The board is quite ready to agree to Mr. Ewing's stipulation that he shall be paid his salary during such time as he remained in the service of the company, whatever amount may be found to be due to him upon a proper adjustment of accounts. Will you kindly bear these points in mind in dealing with the other side? I am, dear sir, yours truly, JAMES E. WEBB, Sec'y. Geo. W. McCrary, Esq., Kansas City, Mo., U. S. A.'
'Both of these communications, together with your two letters forwarding them to Mr. Karnes, he has placed in our hands. In connection with both our counsel we have fully considered the terms of this proposition. We wish to state emphatically that we regard the proposition as unjust and oppressive, but we have so much involved in this litigation that we agree to and accept the terms of the offer made. The 4,000 will be arranged for with the L. W. cattle, as suggested in the letter of February 12th, and the 1,200 shares of stock therein mentioned we herewith hand you, to be transferred to such parties as may be named. We have only two certificates of one thousand shares each, ad w e deliver both to you, and the company can return us a certificate for 800 shares. The bond called for by the fourth section of the proposition in the letter of February 11th we will give at any time. It will now soon be the season when the L. W. Cattle can be counted, and we will be ready at once to name valuers. Now that a settlement has been effected, we hope there will be no delay in carrying it out in al respects as agreed upon. We desire to express to you our thanks for the uniform courtesy with which you have treated us throughout this unpleasant matter. We are, dear sir, very truly, W. N. EWING. JAMES M. COBURN. COBURN & EWING.'
From appellees' counsel to appellants, February 27, 1886.
'Mr. Karnes has handed me your letter accepting the terms of compromise proposed by the Cedar Valley Land & Cattle Company, and has also placed in my hands the certificates for the two thousand shares of stock held by you in the company. I will wire Mr. Webb, secretary of the company, that you have accepted in writing the company's proposition, and have written him, requesting that the company take immediate steps to choose a valuer, and proceed with as little delay as possible to close up the matter of the compromise. Of course it is understood that the settlement embraces all the matters involved in the pending litigation in the several suits between the parties. The matter of costs and the balance due you on salary can easily be adjusted hereafter. Col. Karnes and I agree that each party pay its own costs.'
From appellees' to appellants' counsel March 18, 1886.

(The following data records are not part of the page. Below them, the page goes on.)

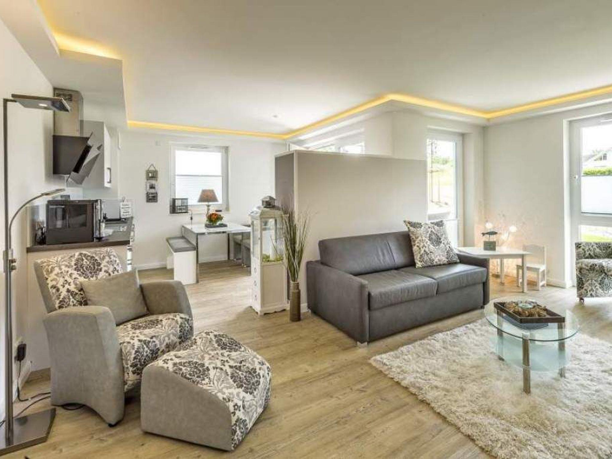 Die Ferienwohnung zum Wohlfühlen bietet Ihnen einen gemütlichen Wohnbereich mit Couch, Sessel und Kinderecke. Zusätzlich befindet sich hier ein bequemes Schrankbett (2,00 x 0,85m) für eine Person. Neben dem Flachbildfernseher und dem DVD-Player steht Ihnen eine Stereoanlage zur Verfügung. Kostenloses WLAN ist selbstverständlich.
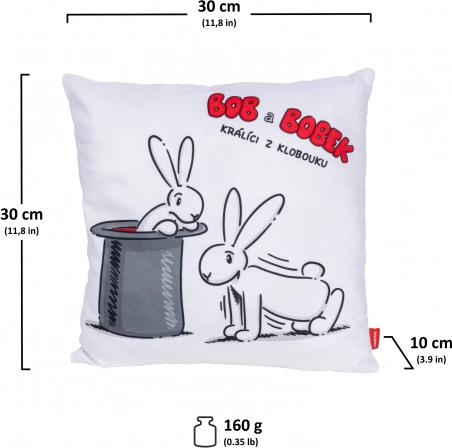 Dječji jastuk BOB I BOBEK 30 × 30 cm razveselit će sve ljubitelje legendarnih zečeva iz šešira. Mekani mikrovelur nježan je prema dječjoj koži, visokokvalitetni tisak s motivom “vježba” dugo zadržava boje, a punjenje od šupljeg vlakna je lagano i dobro drži oblik.
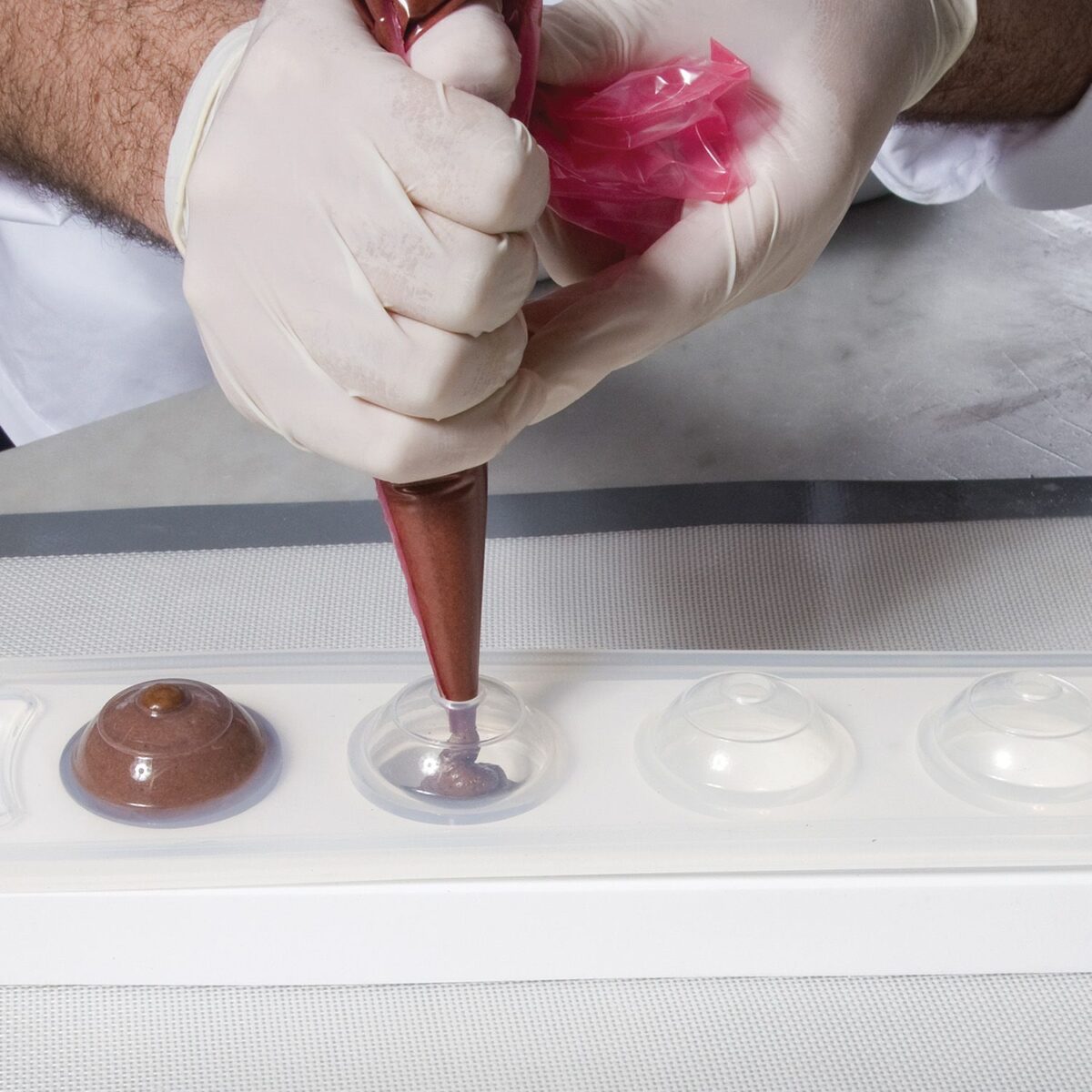 Mul3D 48 je evolucija čuvenog Multiflex kalupa, silikonski kalup koji omogućava pripremu savršenih sfernih deserata i monoporcionih poslastica prečnika 48 mm. Ovaj set uključuje dve polovine kalupa (A i B) i prozirnu podlogu (VGEL03) koja pruža stabilnost tokom zamrzavanja i prepoznatljivost sadržaja. Zahvaljujući transparentnosti silikona, ravnom vrhu sfere za stabilnost i mogućnosti prilagođavanja sa Siliconflex insertima, Mul3D 48 omogućava kreiranje iznenađujućih efekata i inserta koji čine svaki desert jedinstvenim. Otporan na temperature od -60°C do +230°C, ovaj kalup je idealan za blast freezing i lako vađenje gotovih kreacija.
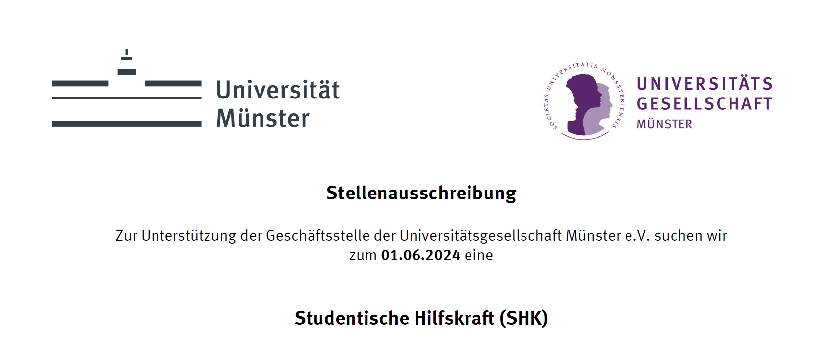 Ausschreibung des Förderpreises der Universitätsgesellschaft Münster 2025
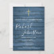 Convite Primeira Comunhão Rústica Azul em Script com Madei
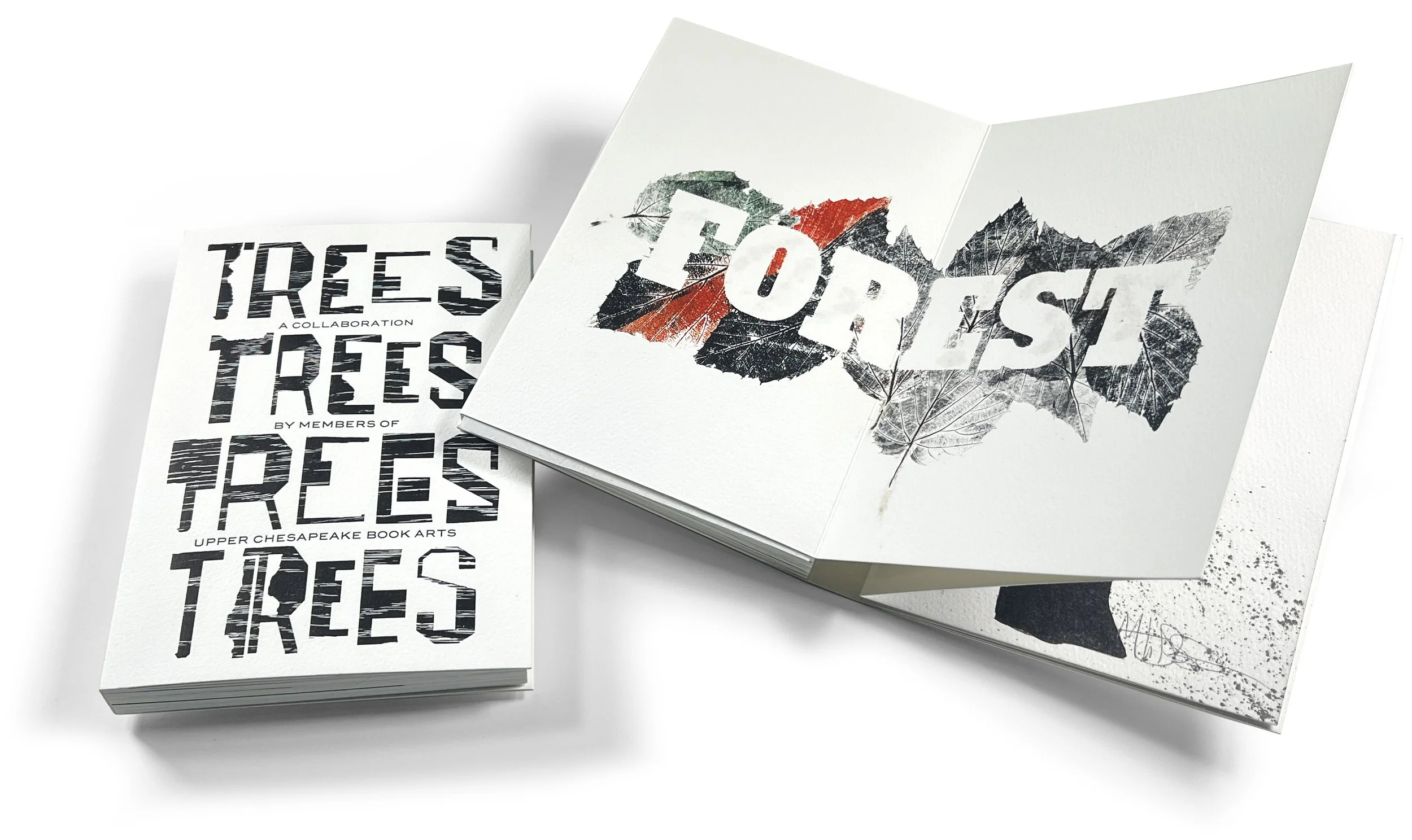 Upper Chesapeake Book Arts has just completed its collaborative book using the subject of “Trees.” The photo shows Ray’s page, as described 4 images below.

'I am just in receipt of a letter from James E. Webb, secretary of the Cedar Valley Land and Cattle Company, Limited, of date March 6th, of which I inclose you a copy. Mr. Webb sends me with this letter an assignment to be executed by Messrs. Coburn and Ewing, transferring to him 1,200 shares of their stock in said company. When Mr. Webb wrote this letter he had not received my communication written on the 27th of February, informing him that Messrs. Coburn and Ewing had placed in my hands their certificates for the whole 2,000 shares, and had requested that the company would issue to them a new certificate for 800 shares. That letter would reach London about the 7th inst, and an answer may be expected very soon. Probably it would be better to take no further action until it is received.'
From Webb, secretary, to appellees' counsel.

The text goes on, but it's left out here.